#### Source data
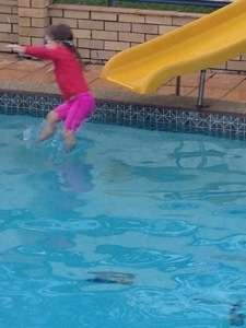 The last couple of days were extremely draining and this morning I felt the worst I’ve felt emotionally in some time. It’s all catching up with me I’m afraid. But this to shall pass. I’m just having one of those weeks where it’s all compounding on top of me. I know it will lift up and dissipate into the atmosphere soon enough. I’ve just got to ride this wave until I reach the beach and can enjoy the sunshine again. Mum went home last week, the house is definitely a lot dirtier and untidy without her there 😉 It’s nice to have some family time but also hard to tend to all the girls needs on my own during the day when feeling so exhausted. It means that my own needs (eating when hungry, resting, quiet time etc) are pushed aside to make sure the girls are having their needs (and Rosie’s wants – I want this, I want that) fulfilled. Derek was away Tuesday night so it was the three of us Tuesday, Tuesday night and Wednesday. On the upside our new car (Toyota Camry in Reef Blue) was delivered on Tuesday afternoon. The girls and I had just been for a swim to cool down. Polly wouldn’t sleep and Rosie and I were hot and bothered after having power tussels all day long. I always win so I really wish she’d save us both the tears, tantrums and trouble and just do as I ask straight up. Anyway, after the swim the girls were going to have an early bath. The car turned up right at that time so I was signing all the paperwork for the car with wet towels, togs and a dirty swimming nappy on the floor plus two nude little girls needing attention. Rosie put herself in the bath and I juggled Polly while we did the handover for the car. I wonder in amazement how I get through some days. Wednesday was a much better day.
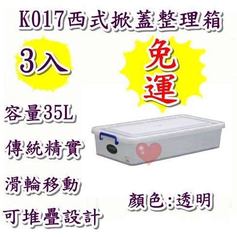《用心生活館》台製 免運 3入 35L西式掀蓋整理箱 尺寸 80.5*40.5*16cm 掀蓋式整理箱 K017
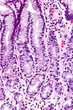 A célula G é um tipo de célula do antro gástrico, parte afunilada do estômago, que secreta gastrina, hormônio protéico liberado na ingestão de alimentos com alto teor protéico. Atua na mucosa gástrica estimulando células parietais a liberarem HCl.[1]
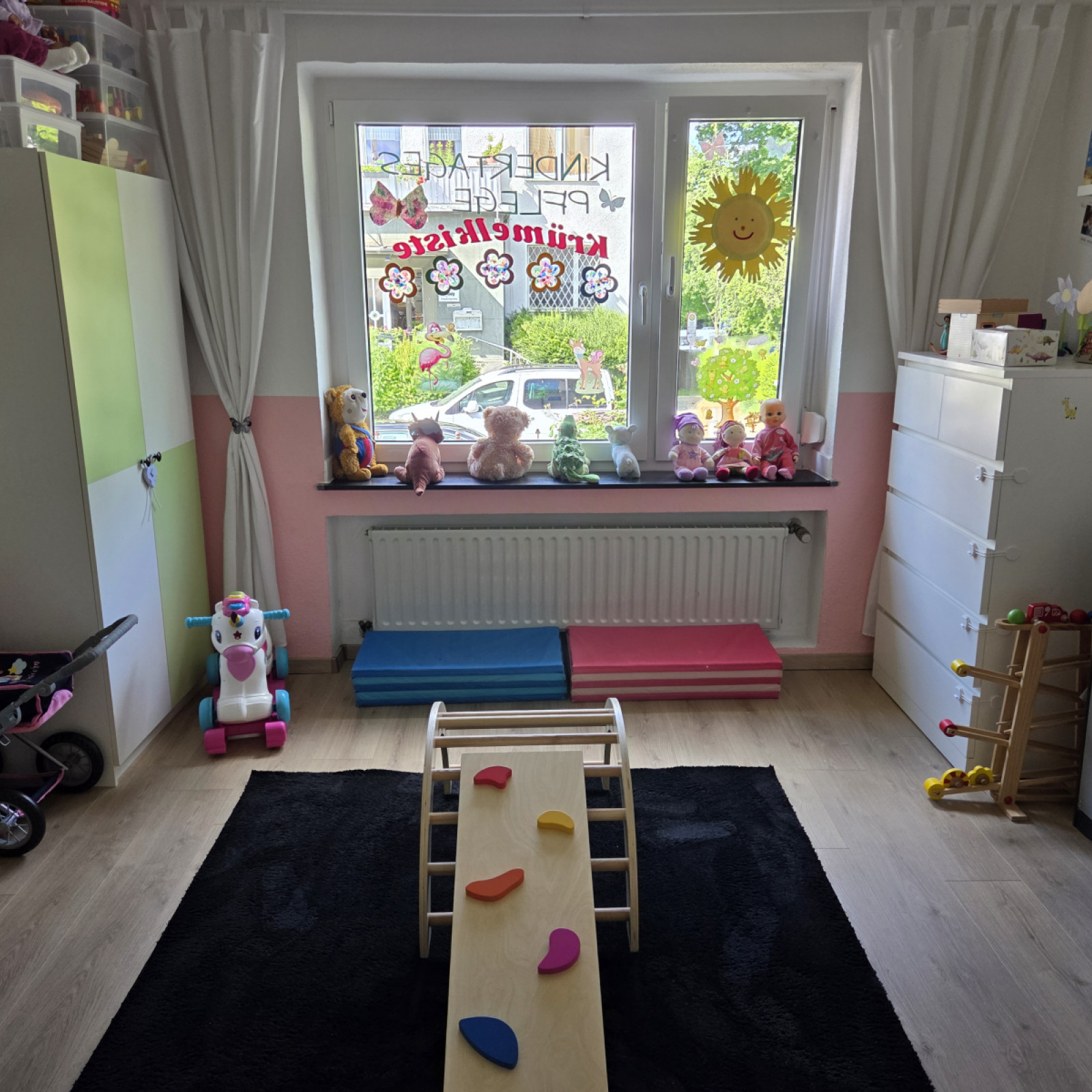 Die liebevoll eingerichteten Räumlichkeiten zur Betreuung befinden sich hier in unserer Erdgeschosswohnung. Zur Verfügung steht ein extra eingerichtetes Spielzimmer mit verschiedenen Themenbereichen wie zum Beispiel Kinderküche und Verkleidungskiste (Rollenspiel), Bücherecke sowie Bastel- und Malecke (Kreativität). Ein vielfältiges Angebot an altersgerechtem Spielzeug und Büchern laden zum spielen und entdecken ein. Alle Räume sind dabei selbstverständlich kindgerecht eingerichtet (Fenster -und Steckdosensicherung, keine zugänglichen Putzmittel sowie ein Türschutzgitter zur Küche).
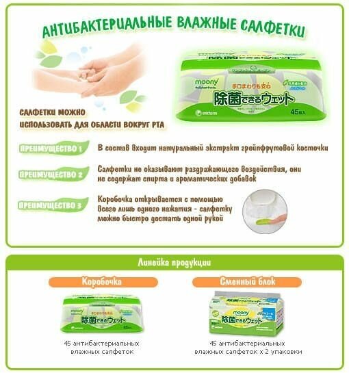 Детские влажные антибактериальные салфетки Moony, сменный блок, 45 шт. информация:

#### What you should do
Leave out all pictures and output each line exactly, from the top of the records through the line that holds "80.5*40.5*16cm 掀蓋式整理箱 K017".

#### Result of this exercise
 The last couple of days were extremely draining and this morning I felt the worst I’ve felt emotionally in some time. It’s all catching up with me I’m afraid. But this to shall pass. I’m just having one of those weeks where it’s all compounding on top of me. I know it will lift up and dissipate into the atmosphere soon enough. I’ve just got to ride this wave until I reach the beach and can enjoy the sunshine again. Mum went home last week, the house is definitely a lot dirtier and untidy without her there 😉 It’s nice to have some family time but also hard to tend to all the girls needs on my own during the day when feeling so exhausted. It means that my own needs (eating when hungry, resting, quiet time etc) are pushed aside to make sure the girls are having their needs (and Rosie’s wants – I want this, I want that) fulfilled. Derek was away Tuesday night so it was the three of us Tuesday, Tuesday night and Wednesday. On the upside our new car (Toyota Camry in Reef Blue) was delivered on Tuesday afternoon. The girls and I had just been for a swim to cool down. Polly wouldn’t sleep and Rosie and I were hot and bothered after having power tussels all day long. I always win so I really wish she’d save us both the tears, tantrums and trouble and just do as I ask straight up. Anyway, after the swim the girls were going to have an early bath. The car turned up right at that time so I was signing all the paperwork for the car with wet towels, togs and a dirty swimming nappy on the floor plus two nude little girls needing attention. Rosie put herself in the bath and I juggled Polly while we did the handover for the car. I wonder in amazement how I get through some days. Wednesday was a much better day.
《用心生活館》台製 免運 3入 35L西式掀蓋整理箱 尺寸 80.5*40.5*16cm 掀蓋式整理箱 K017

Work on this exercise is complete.